● **Assignment**
Using the records below, quote only the span that opens with the line containing "Tie-Dye Stripes Button Detail Sweatshirt" and closes with the line containing "Schweiz, Freimarken, Tellknabe, Nr.125ll, im", exactly and inclusively.

● **Data provided**
[Start of section]

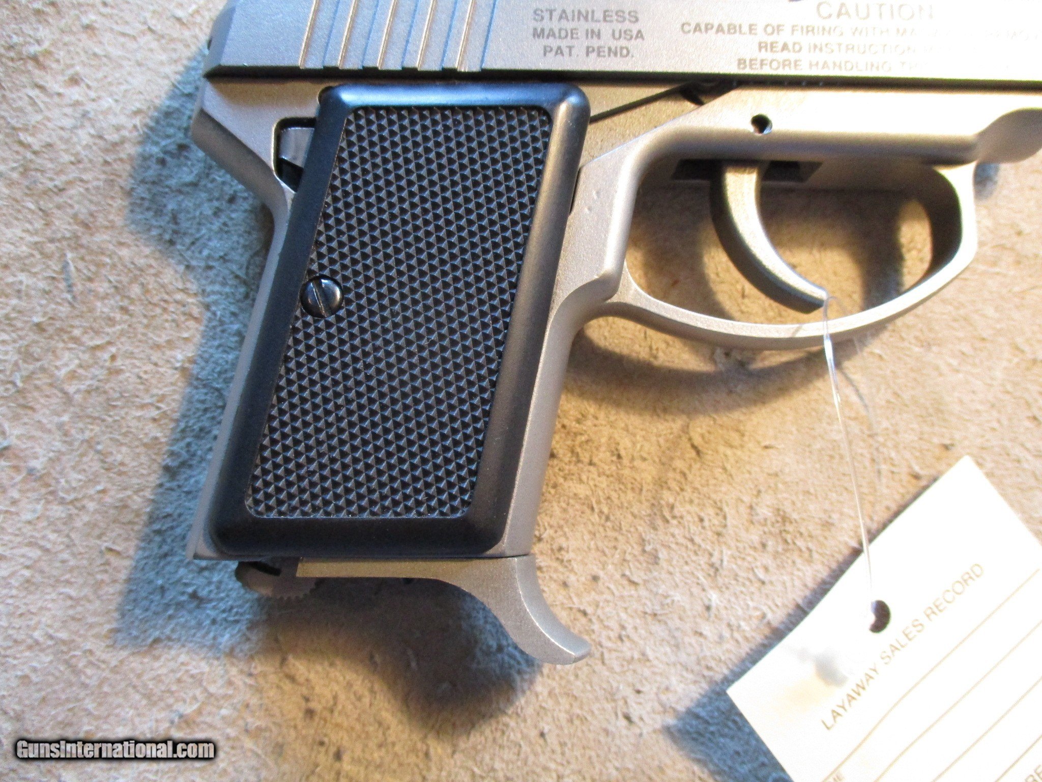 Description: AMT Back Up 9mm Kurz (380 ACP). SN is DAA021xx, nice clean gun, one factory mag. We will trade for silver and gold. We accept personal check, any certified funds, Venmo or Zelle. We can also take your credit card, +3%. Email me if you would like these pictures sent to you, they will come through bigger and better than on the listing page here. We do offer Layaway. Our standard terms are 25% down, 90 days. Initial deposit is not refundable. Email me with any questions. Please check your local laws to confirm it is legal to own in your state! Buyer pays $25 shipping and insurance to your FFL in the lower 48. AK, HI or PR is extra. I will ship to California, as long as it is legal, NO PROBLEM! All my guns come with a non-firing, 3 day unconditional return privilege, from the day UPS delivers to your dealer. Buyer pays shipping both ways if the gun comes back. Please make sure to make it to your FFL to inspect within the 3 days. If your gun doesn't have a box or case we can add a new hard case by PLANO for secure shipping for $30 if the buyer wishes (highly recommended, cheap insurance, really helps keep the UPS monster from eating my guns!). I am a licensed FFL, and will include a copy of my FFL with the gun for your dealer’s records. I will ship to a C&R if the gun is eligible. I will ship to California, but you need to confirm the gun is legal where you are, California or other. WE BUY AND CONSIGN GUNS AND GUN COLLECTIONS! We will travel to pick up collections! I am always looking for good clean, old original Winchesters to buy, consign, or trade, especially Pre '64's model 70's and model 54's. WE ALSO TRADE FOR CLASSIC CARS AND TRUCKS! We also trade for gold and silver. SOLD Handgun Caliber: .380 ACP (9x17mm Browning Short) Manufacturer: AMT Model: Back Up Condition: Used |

[End of section]
[Start of section]

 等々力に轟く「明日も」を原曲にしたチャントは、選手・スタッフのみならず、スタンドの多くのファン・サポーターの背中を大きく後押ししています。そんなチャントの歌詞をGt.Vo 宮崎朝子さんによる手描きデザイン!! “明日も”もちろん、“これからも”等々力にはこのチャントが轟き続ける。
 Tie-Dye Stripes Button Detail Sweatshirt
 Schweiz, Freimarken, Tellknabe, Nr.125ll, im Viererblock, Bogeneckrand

[End of section]
[Start of section]

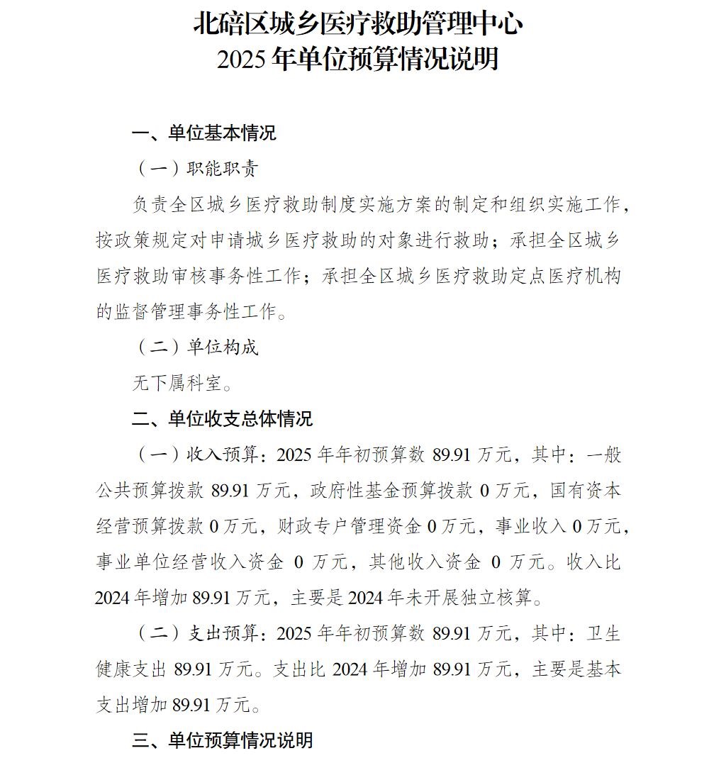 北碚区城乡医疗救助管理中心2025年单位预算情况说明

[End of section]

● **Solved problem**
 Tie-Dye Stripes Button Detail Sweatshirt
 Schweiz, Freimarken, Tellknabe, Nr.125ll, im Viererblock, Bogeneckrand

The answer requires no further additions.